- **Exercise prompt**:
The entries must be set down again word for word; no pictures belong in the copy.

- **The data**:
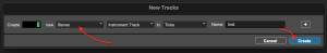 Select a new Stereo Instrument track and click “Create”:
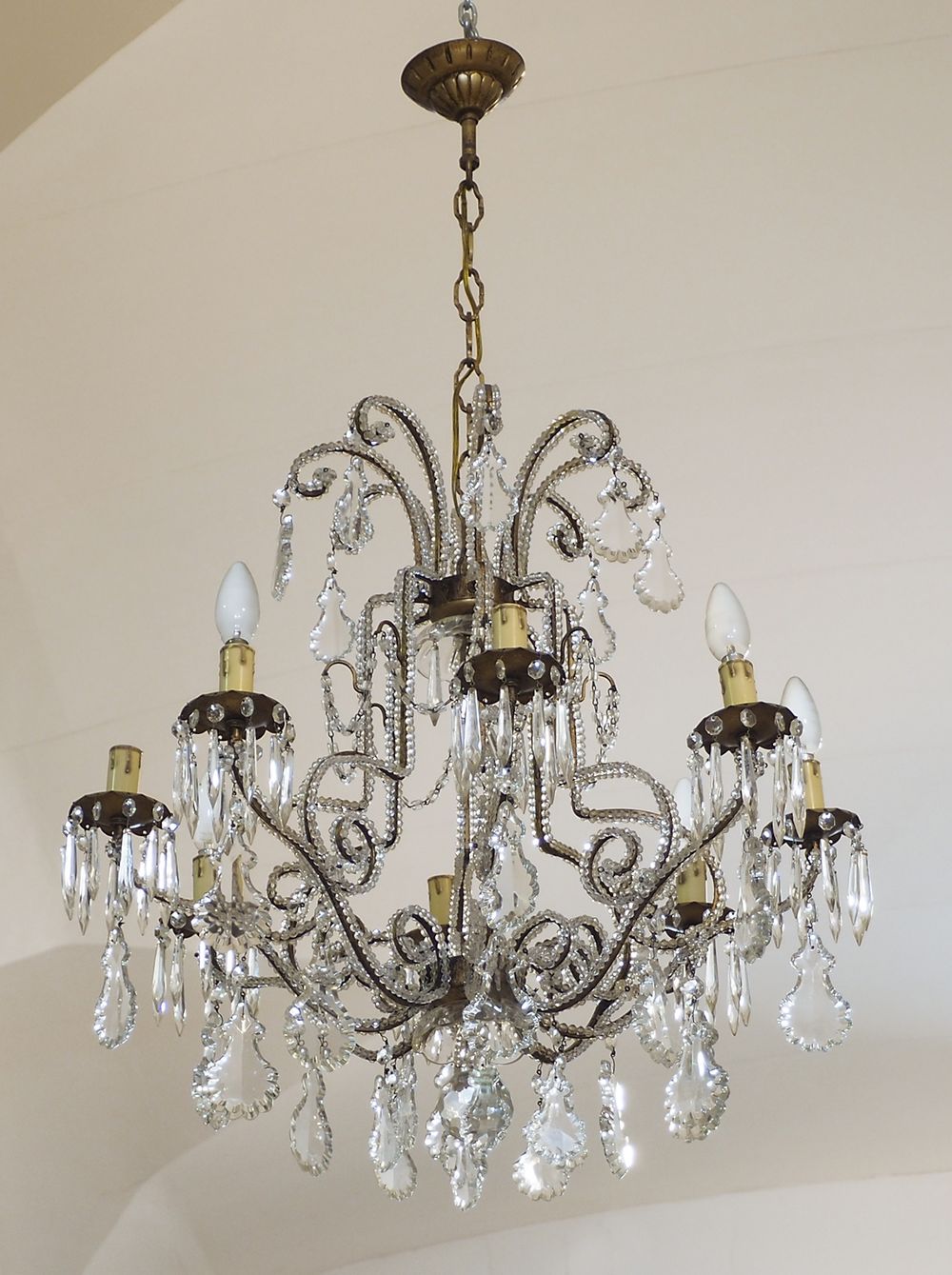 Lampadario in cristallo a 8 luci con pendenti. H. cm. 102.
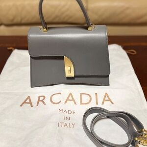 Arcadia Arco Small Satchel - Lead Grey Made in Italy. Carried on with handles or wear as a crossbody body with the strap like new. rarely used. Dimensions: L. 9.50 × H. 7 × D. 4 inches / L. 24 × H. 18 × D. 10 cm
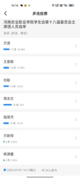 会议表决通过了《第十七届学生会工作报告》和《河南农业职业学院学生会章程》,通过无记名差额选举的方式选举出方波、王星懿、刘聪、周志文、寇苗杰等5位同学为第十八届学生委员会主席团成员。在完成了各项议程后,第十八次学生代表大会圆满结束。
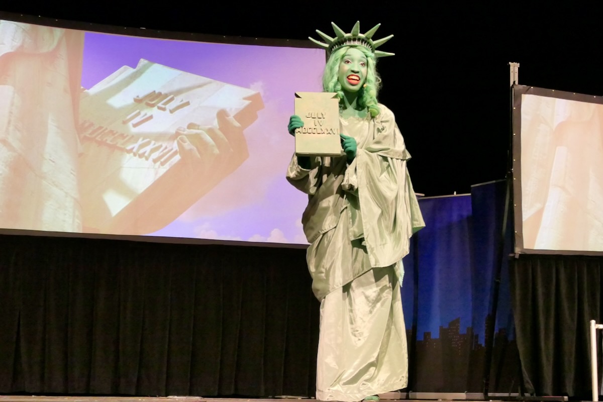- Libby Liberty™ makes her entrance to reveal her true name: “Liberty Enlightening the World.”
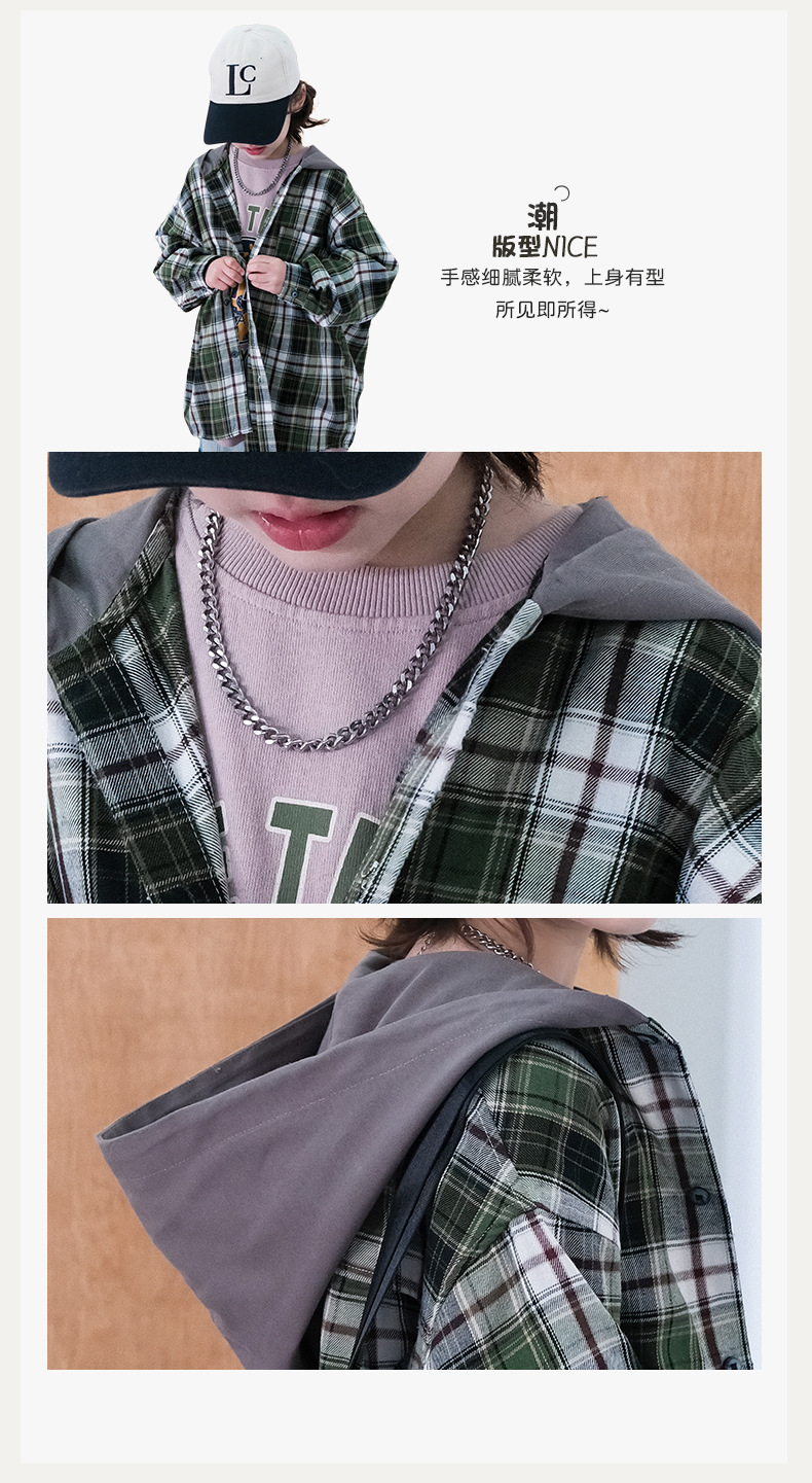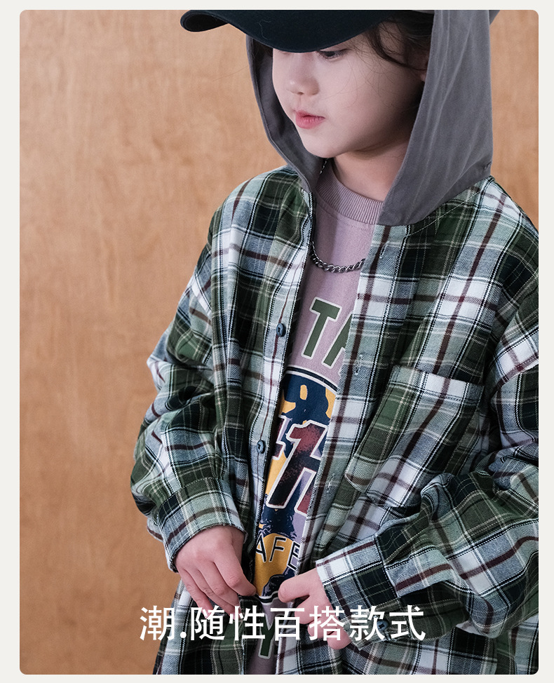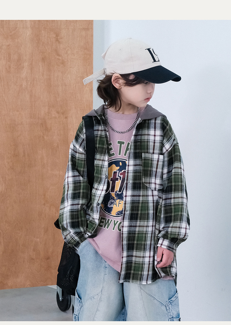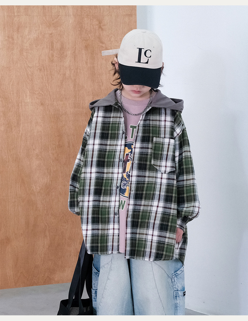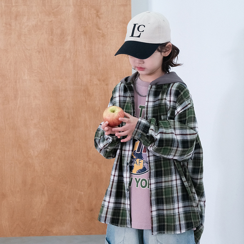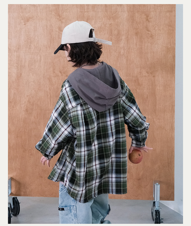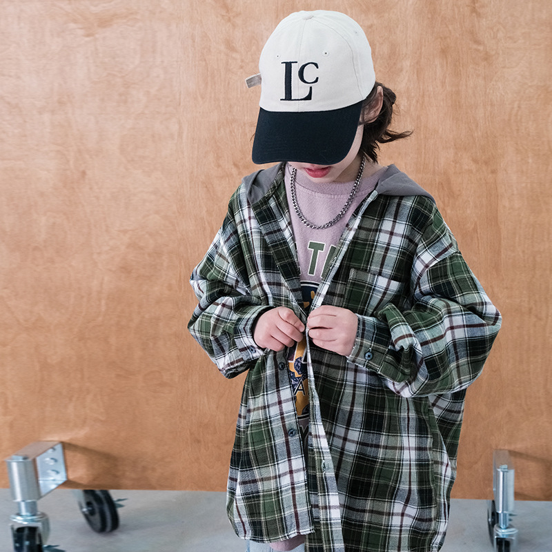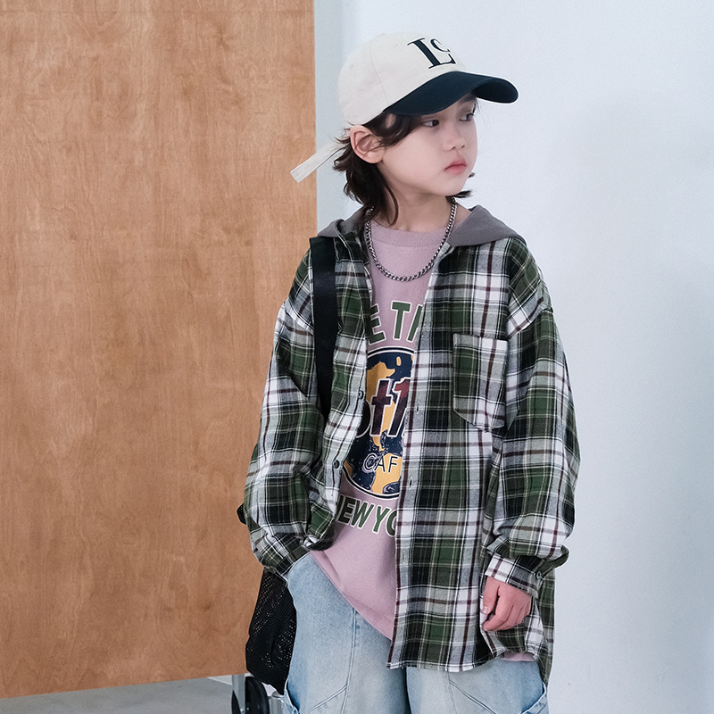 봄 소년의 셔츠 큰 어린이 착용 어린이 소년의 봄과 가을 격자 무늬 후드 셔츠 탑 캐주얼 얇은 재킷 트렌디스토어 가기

- **Task answer**:
 Select a new Stereo Instrument track and click “Create”:
 Lampadario in cristallo a 8 luci con pendenti. H. cm. 102.
 Arcadia Arco Small Satchel - Lead Grey Made in Italy. Carried on with handles or wear as a crossbody body with the strap like new. rarely used. Dimensions: L. 9.50 × H. 7 × D. 4 inches / L. 24 × H. 18 × D. 10 cm
 会议表决通过了《第十七届学生会工作报告》和《河南农业职业学院学生会章程》,通过无记名差额选举的方式选举出方波、王星懿、刘聪、周志文、寇苗杰等5位同学为第十八届学生委员会主席团成员。在完成了各项议程后,第十八次学生代表大会圆满结束。
- Libby Liberty™ makes her entrance to reveal her true name: “Liberty Enlightening the World.”
 봄 소년의 셔츠 큰 어린이 착용 어린이 소년의 봄과 가을 격자 무늬 후드 셔츠 탑 캐주얼 얇은 재킷 트렌디스토어 가기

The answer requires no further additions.